- [Work to be completed]: Having found the line containing "chopsticks (9.3 in)." in the records below, copy that line and each later one exactly, dropping pictures.

[Records from a collection]
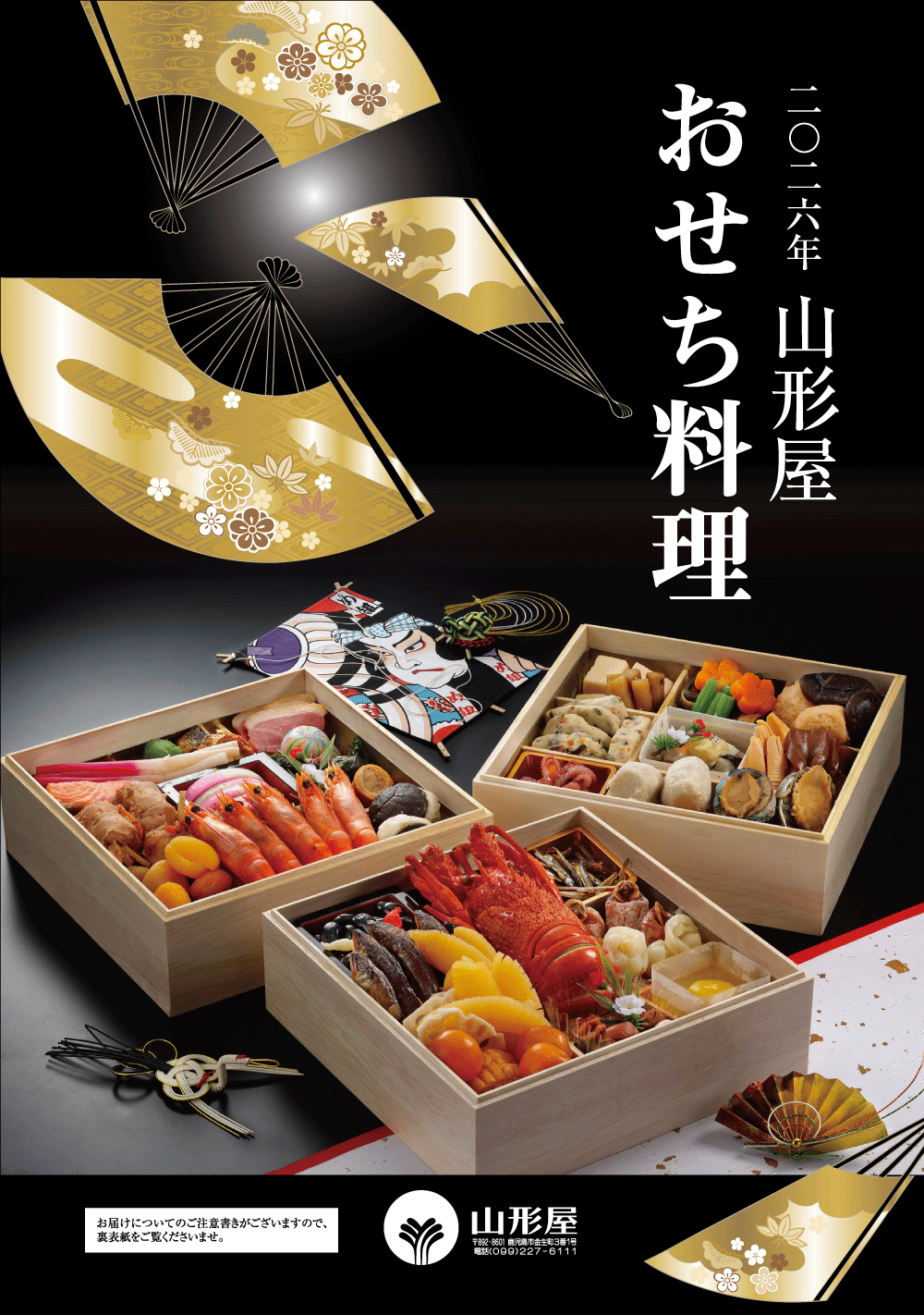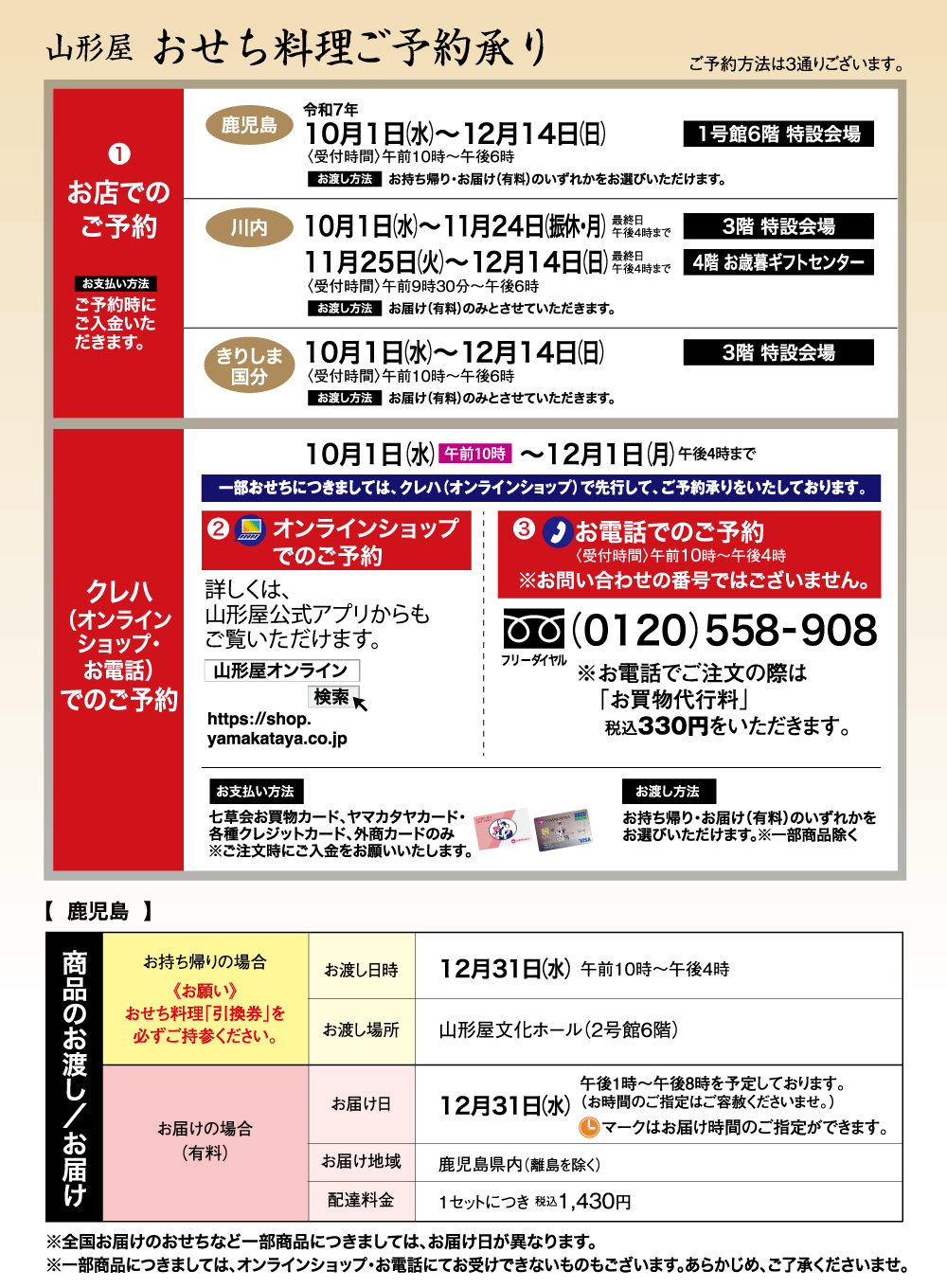 TOP きりしま国分山形屋 イベント 2026年 山形屋おせち料理 EVENTイベント ALL 11/25(火) 11/26(水) 11/27(木) 11/28(金) 11/29(土) 11/30(日) 12/1(月) 12/2(火) 12/3(水) 12/4(木) 12/5(金) 12/6(土) 12/7(日) 12/8(月) 2026年 山形屋おせち料理 シェア Tweet ●承り中!12月14日(日)まで〈受付時間〉午前10時~午後6時 / きりしま国分山形屋 3階 特設会場 ●クレハ(オンラインショップ・お電話) 承り中!12月1日(月)午後4時まで 山形屋オンラインショップはこちら ※画像はイメージです。 山形屋おせち料理お問い合わせ 令和7年10月1日(水)~12月31日(水) 【受付時間:午前10時~午後6時】 フリーダイヤル (0120)51-5115 令和8年1月1日(元日)は店休日のため 山形屋宿直室へ (099)227-6118 令和8年1月2日(金)以降 [午前10時~午後7時] 食品事務所へ (099)227-6387 イベント一覧
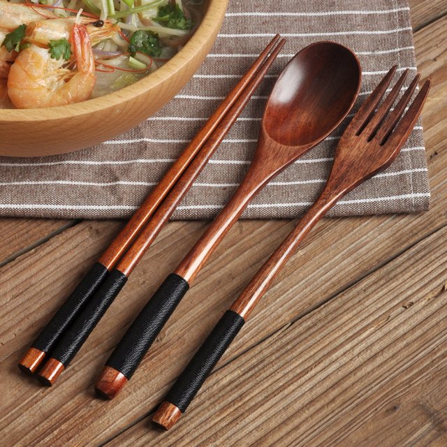 • Complete Set: Includes 1 fork (8.9 in), 1 spoon (9.3 in), and 1 pair of chopsticks (9.3 in).
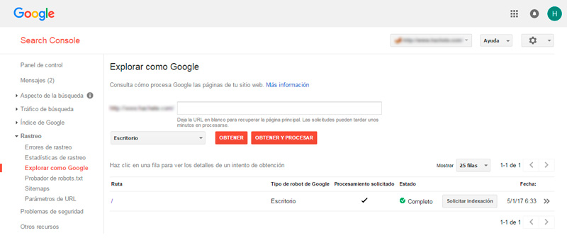 Si queremos saber cómo ve Google nuestra página web debemos hacerlo en esta sección. Entramos mediante una dirección URL y vemos la información a su manera. Esto también lo haremos cuando queremos forzar la indexación de alguna página de un sitio web.
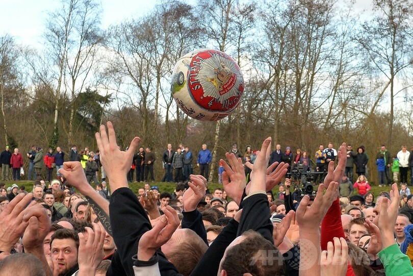 【3月5日 AFP】英イングランド中部ダービーシャー(Derbyshire)州アッシュボーン(Ashbourne)で4日、町中が総出で参加する伝統のフットボール大会「ロイヤル・シュローブタイド・フットボール(Royal Shrovetide Football)」が開催された。
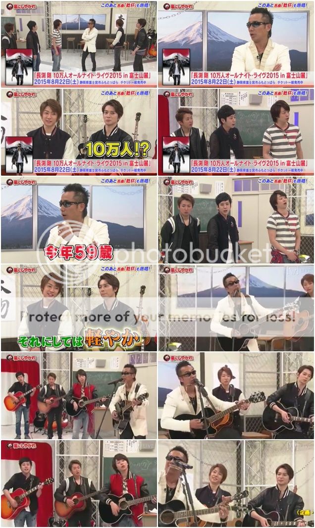 潤彈奏之後,長渕桑果斷還是要說潤是溫柔的touch。然後長渕桑又對著潤作曲作詞起來了。基本歌詞就是說潤好溫柔,那樣的眼神會迷死全部女生這樣。哈哈哈!!真的啊!!你第一天知道我們潤爺的魅力啊!長渕桑不能這樣和潤弟弟對視,會被迷倒的喲。嘻嘻
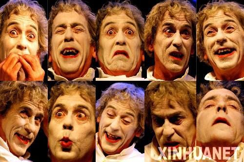 11月23日拍摄的菲利普·比佐默剧大师表演中的不同表情(拼版图片)。 当晚,法国默剧大师菲利普·比佐在山东艺术学院大剧场表演其代表作、2007年智利国际默剧节获奖作品《三十年之静》。新华社发(陈长礼摄)
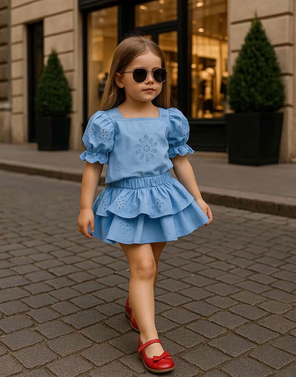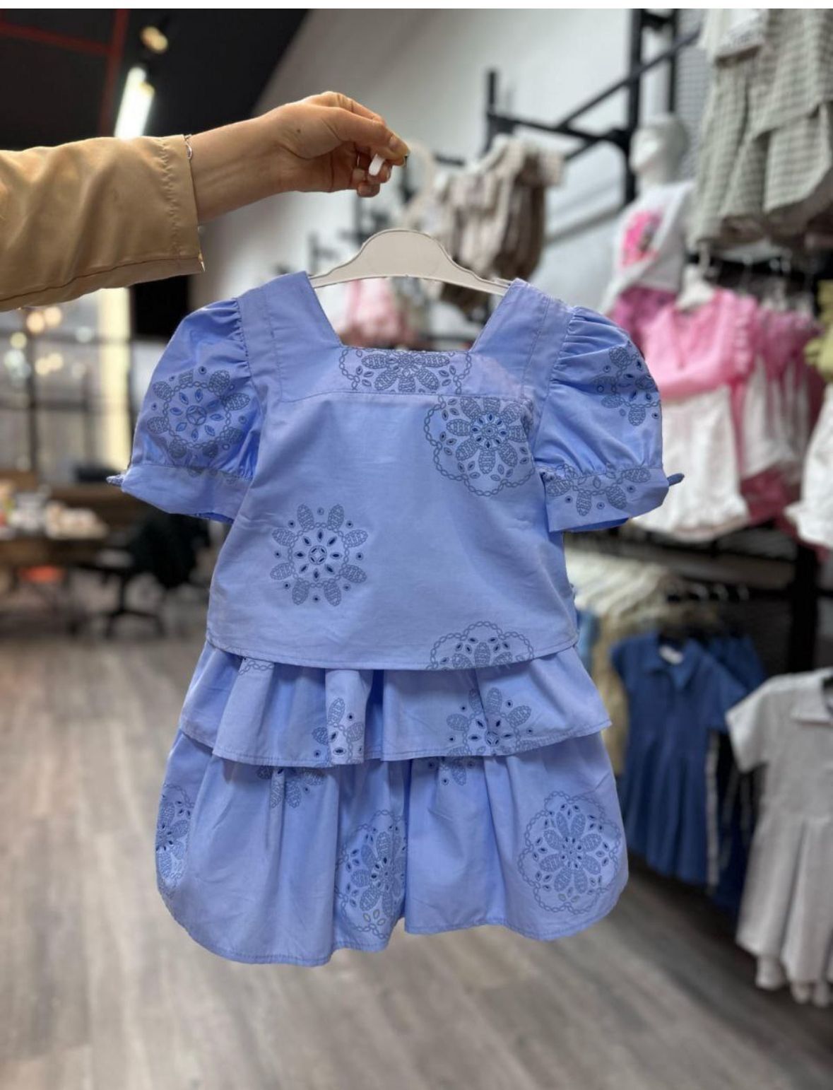 Tamamı Fistolu Etekli İpek Takım - Mavi
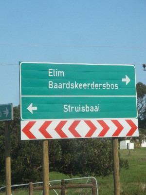 "........... Het dorp ligt ergens achter Bredasdorp, vlakbij Kaap Agulhas, de zuidelijkste punt van Afrika. Op de R319, op minder dan 40 kilometer van die Kaap, is een afslag naar rechts naar Elim en Baardskeerdersbos. ............."
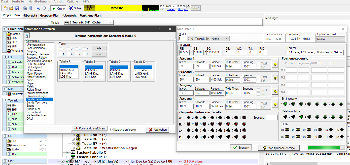 Das ist auch gleichzeitig eine der Herausforderungen bei LCN: Es gibt viele Möglichkeiten, bestimmte Funktionen umzusetzen und die Kombination verschiedener Funktionen ermöglicht sehr komplexe Schalt- und Regelverhalten. „Verzögerte Tasten“, „gesperrte Tasten“ oder die Tasten-Tabellen müssen erst einmal erkundet und verstanden werden.
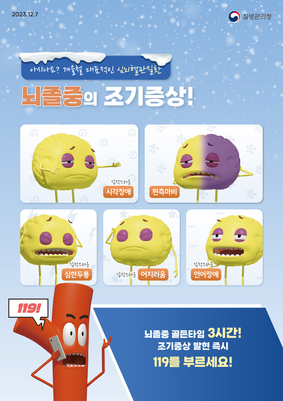특히 겨울철은 급격한 기온 변화로 심뇌혈관질환 위험성이 다른 때보다 높은 계절로, 겨울철 대표적인 심뇌혈관질환인 심근경색과 뇌졸중의 조기증상을 미리 숙지하고 대비하는 자세가 필요하다.

- [Result for this exercise]:
 • Complete Set: Includes 1 fork (8.9 in), 1 spoon (9.3 in), and 1 pair of chopsticks (9.3 in).
 Si queremos saber cómo ve Google nuestra página web debemos hacerlo en esta sección. Entramos mediante una dirección URL y vemos la información a su manera. Esto también lo haremos cuando queremos forzar la indexación de alguna página de un sitio web.
 【3月5日 AFP】英イングランド中部ダービーシャー(Derbyshire)州アッシュボーン(Ashbourne)で4日、町中が総出で参加する伝統のフットボール大会「ロイヤル・シュローブタイド・フットボール(Royal Shrovetide Football)」が開催された。
 潤彈奏之後,長渕桑果斷還是要說潤是溫柔的touch。然後長渕桑又對著潤作曲作詞起來了。基本歌詞就是說潤好溫柔,那樣的眼神會迷死全部女生這樣。哈哈哈!!真的啊!!你第一天知道我們潤爺的魅力啊!長渕桑不能這樣和潤弟弟對視,會被迷倒的喲。嘻嘻
 11月23日拍摄的菲利普·比佐默剧大师表演中的不同表情(拼版图片)。 当晚,法国默剧大师菲利普·比佐在山东艺术学院大剧场表演其代表作、2007年智利国际默剧节获奖作品《三十年之静》。新华社发(陈长礼摄)
 Tamamı Fistolu Etekli İpek Takım - Mavi
 "........... Het dorp ligt ergens achter Bredasdorp, vlakbij Kaap Agulhas, de zuidelijkste punt van Afrika. Op de R319, op minder dan 40 kilometer van die Kaap, is een afslag naar rechts naar Elim en Baardskeerdersbos. ............."
 Das ist auch gleichzeitig eine der Herausforderungen bei LCN: Es gibt viele Möglichkeiten, bestimmte Funktionen umzusetzen und die Kombination verschiedener Funktionen ermöglicht sehr komplexe Schalt- und Regelverhalten. „Verzögerte Tasten“, „gesperrte Tasten“ oder die Tasten-Tabellen müssen erst einmal erkundet und verstanden werden.
특히 겨울철은 급격한 기온 변화로 심뇌혈관질환 위험성이 다른 때보다 높은 계절로, 겨울철 대표적인 심뇌혈관질환인 심근경색과 뇌졸중의 조기증상을 미리 숙지하고 대비하는 자세가 필요하다.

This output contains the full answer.